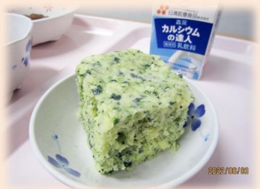
《虫歯予防メニュー》

6月3日に(本来であれば6月4日ですが休日のため)、虫(6・4)歯予防メニューとしてデザートに手作りのほうれん草チーズ蒸しパンを提供しました。虫歯のない丈夫な歯を作るためにはカルシウム・タンパク質・ビタミンを摂ることが重要です。カルシウムは牛乳やチーズやヨーグルト、ひじきなどに、タンパク質は肉や魚、牛乳、大豆、卵など、ビタミンはかぼちゃやほうれん草などの野菜や果物に豊富に入っています。こういった食材をバランス良く摂るようにしましょう。また、よく噛んで食べることも歯を丈夫にしさらには食べ過ぎ防止にもなります。日頃の歯磨きなども重要ですがバランスの良い食事をよく噛んで食べるよう心がけ、丈夫で健康な歯を保ちましょう。
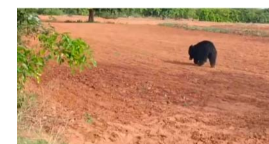
పడకుండా అటవీ శాఖ సిబ్బంది చూడాలని కోరుతున్నారు. ముఖ్యంగా వన్య ప్రాణుల కు వాటి నివాస ప్రాంతం లోనే ఆహారం, నీరు అందు బాటులో ఉండే విధంగా చర్యలు తీసుకోవడంతో పాటు గ్రామాల వైపు రాకుం దా జాగ్రత్త తీసుకోవాలని వేడు కుంటున్నారు.
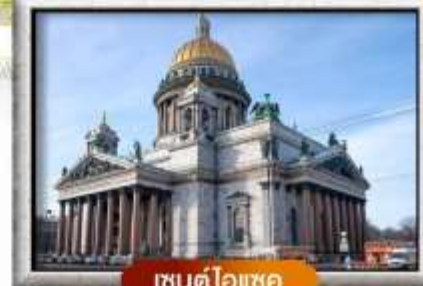
เซนต์ไอแซค
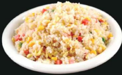
812A 扬州炒饭 Yang Zhou Fried Rice RM 24 /份
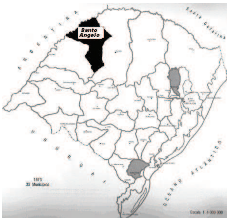
Figura 1 -Rio Grande Sul em 1873, destaque para o município de Santo Ângelo 68

Santo Ângelo, um dos maiores municípios do Rio Grande do Sul, situado no Noroeste do Estado, no início do século XX, tinha grande parte do seu território coberto por matas. Foi um dos municípios em que mais esteve presente a política de colonização do governo de Borges de Medeiros. Politicamente, Santo Ângelo esteve durante quase todo o período da Primeira República, sob o domínio do Coronel Bráulio Oliveira, chefe local do PRR, sendo intendente municipal entre 1900-1916 e 1920-1924.
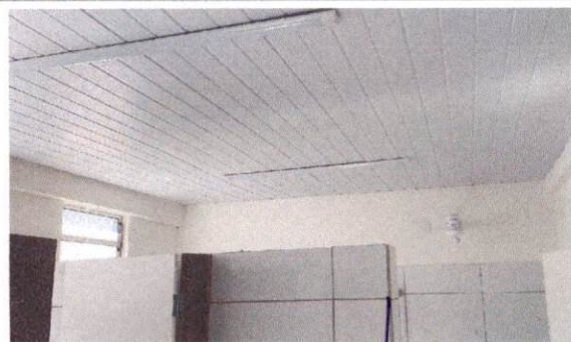
17.4.6 Luminárias 2x40W de sobrepor completa
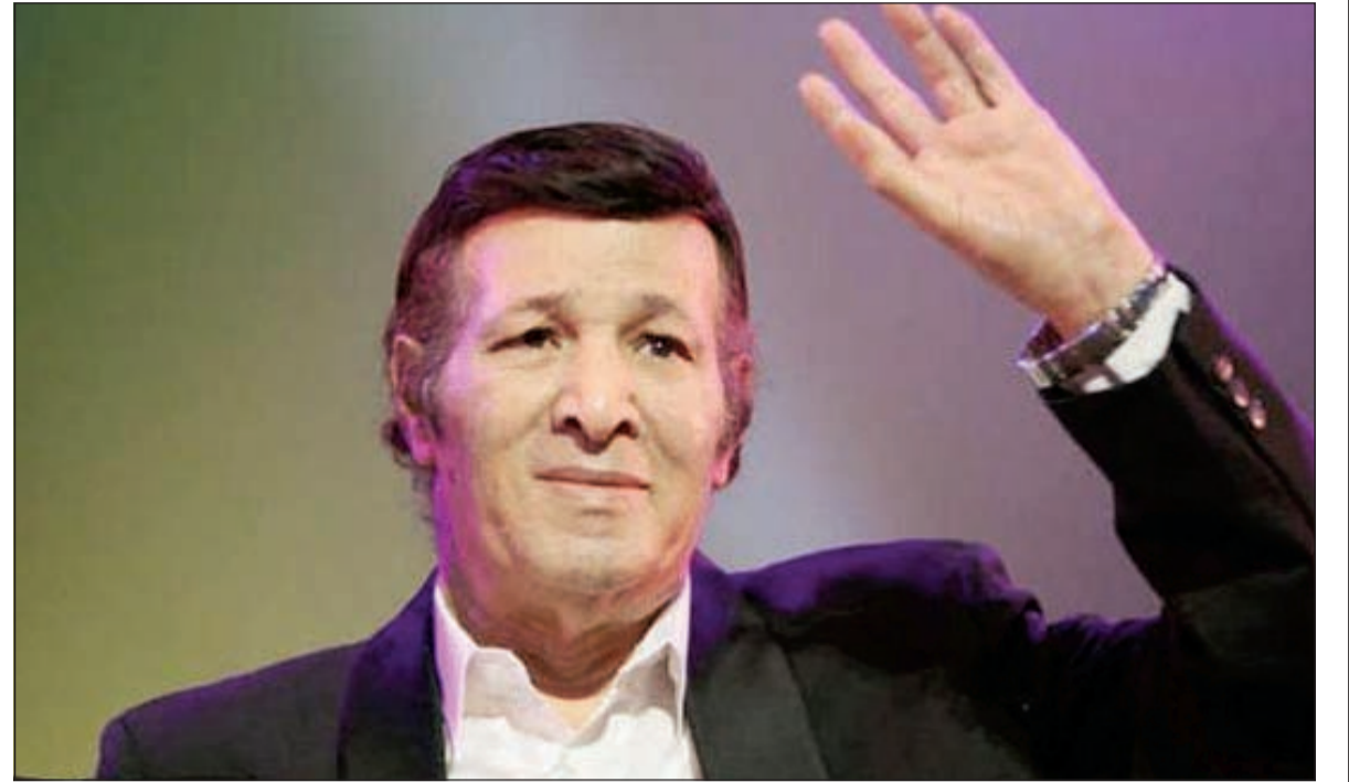
ودادا سعيد صالح

في غيبوبة. الراحل يعد واحدا من أبرز نجوم الكوميديا في مصر، ورحل بالزمان مع عرض اثنين من أبرز مسرحياته خلال إجازة عيد الفطر، هما «العيال كبرت» و«مدرسة المشاغيبين»، حيث شارك يونس شلبي وأحمد زكي بطولة الأولى، بينما اقتسم بطولة الثانية مع عادل إمام وزكي وشلبي.
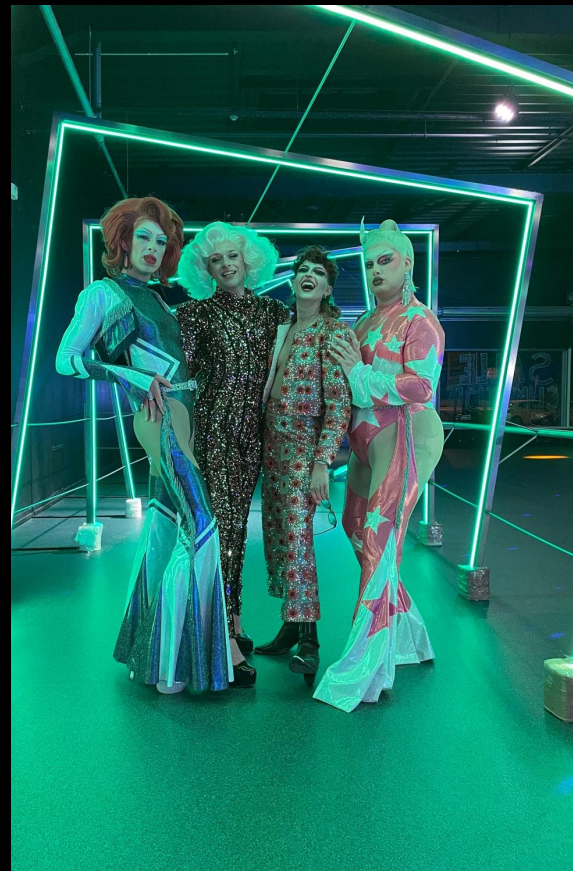
« Drag & Roll » (La Mulette, Fürsy, Rose Tental et Vivian du Fermoir de Monsac)
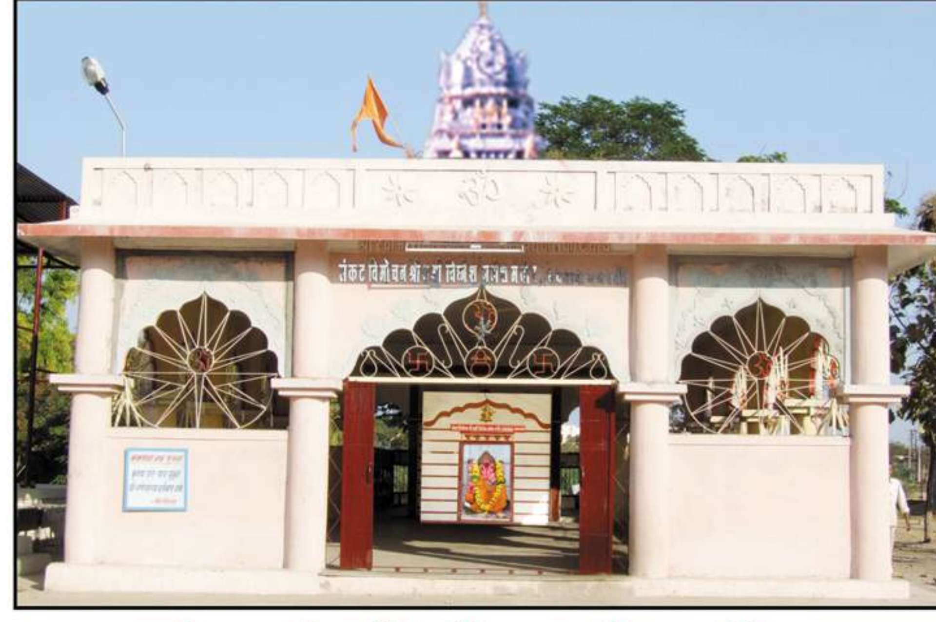
श्री शमी-विघ्नेश गणेश मंदिर (नवसाचा गणपती)
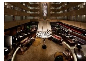
数々の空間アワードを受賞した「オールデイダイニング ラジョウ」

【URL】 https://www.keihanhotels-resorts.co.jp/kyoto-centuryhotel/lajyho_summer_party/index.html
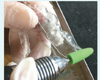
HP コース 6720 でマウスピースのバリ取りに
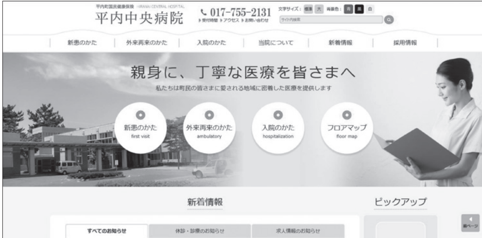
▲平内中央病院の新しいホームページ画面

これまで、町ホームページ内にて当院の情報などを掲載しておりましたが、この度、新しくホームページ ( https:// hiranai-chp. jp/ ) を立ち上げ、構成やデザインを全面的に刷新しました。
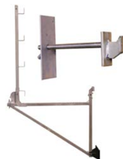
Ensemble de base Polyconsole®
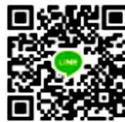
คณะวิศวกรรมศาสตร์
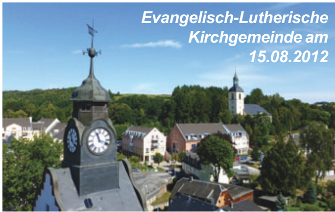
Evangelisch-Lutherische Kirchgemeinde am 15.08.2012
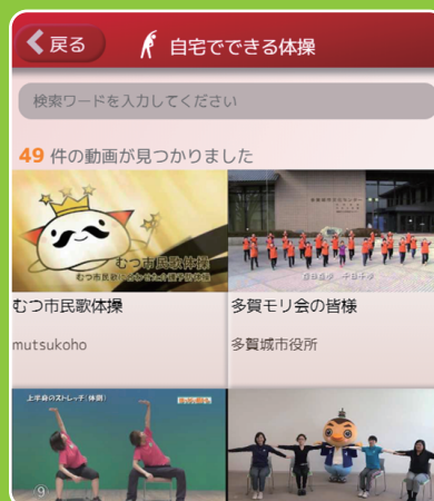
自宅で出来る体操動画 画面イメージ

適切な運動や活動を行うための フローチャートや運動・ 活動メニューを閲覧できます。

++++++

How to complete this task:
Every line of the records above should be reproduced exactly, with no pictures included.

Exercise result:
《虫歯予防メニュー》

6月3日に(本来であれば6月4日ですが休日のため)、虫(6・4)歯予防メニューとしてデザートに手作りのほうれん草チーズ蒸しパンを提供しました。虫歯のない丈夫な歯を作るためにはカルシウム・タンパク質・ビタミンを摂ることが重要です。カルシウムは牛乳やチーズやヨーグルト、ひじきなどに、タンパク質は肉や魚、牛乳、大豆、卵など、ビタミンはかぼちゃやほうれん草などの野菜や果物に豊富に入っています。こういった食材をバランス良く摂るようにしましょう。また、よく噛んで食べることも歯を丈夫にしさらには食べ過ぎ防止にもなります。日頃の歯磨きなども重要ですがバランスの良い食事をよく噛んで食べるよう心がけ、丈夫で健康な歯を保ちましょう。
పడకుండా అటవీ శాఖ సిబ్బంది చూడాలని కోరుతున్నారు. ముఖ్యంగా వన్య ప్రాణుల కు వాటి నివాస ప్రాంతం లోనే ఆహారం, నీరు అందు బాటులో ఉండే విధంగా చర్యలు తీసుకోవడంతో పాటు గ్రామాల వైపు రాకుం దా జాగ్రత్త తీసుకోవాలని వేడు కుంటున్నారు.
เซนต์ไอแซค
812A 扬州炒饭 Yang Zhou Fried Rice RM 24 /份
Figura 1 -Rio Grande Sul em 1873, destaque para o município de Santo Ângelo 68

Santo Ângelo, um dos maiores municípios do Rio Grande do Sul, situado no Noroeste do Estado, no início do século XX, tinha grande parte do seu território coberto por matas. Foi um dos municípios em que mais esteve presente a política de colonização do governo de Borges de Medeiros. Politicamente, Santo Ângelo esteve durante quase todo o período da Primeira República, sob o domínio do Coronel Bráulio Oliveira, chefe local do PRR, sendo intendente municipal entre 1900-1916 e 1920-1924.
17.4.6 Luminárias 2x40W de sobrepor completa
ودادا سعيد صالح

في غيبوبة. الراحل يعد واحدا من أبرز نجوم الكوميديا في مصر، ورحل بالزمان مع عرض اثنين من أبرز مسرحياته خلال إجازة عيد الفطر، هما «العيال كبرت» و«مدرسة المشاغيبين»، حيث شارك يونس شلبي وأحمد زكي بطولة الأولى، بينما اقتسم بطولة الثانية مع عادل إمام وزكي وشلبي.
« Drag & Roll » (La Mulette, Fürsy, Rose Tental et Vivian du Fermoir de Monsac)
श्री शमी-विघ्नेश गणेश मंदिर (नवसाचा गणपती)
数々の空間アワードを受賞した「オールデイダイニング ラジョウ」

【URL】 https://www.keihanhotels-resorts.co.jp/kyoto-centuryhotel/lajyho_summer_party/index.html
HP コース 6720 でマウスピースのバリ取りに
▲平内中央病院の新しいホームページ画面

これまで、町ホームページ内にて当院の情報などを掲載しておりましたが、この度、新しくホームページ ( https:// hiranai-chp. jp/ ) を立ち上げ、構成やデザインを全面的に刷新しました。
Ensemble de base Polyconsole®
คณะวิศวกรรมศาสตร์
Evangelisch-Lutherische Kirchgemeinde am 15.08.2012
自宅で出来る体操動画 画面イメージ

適切な運動や活動を行うための フローチャートや運動・ 活動メニューを閲覧できます。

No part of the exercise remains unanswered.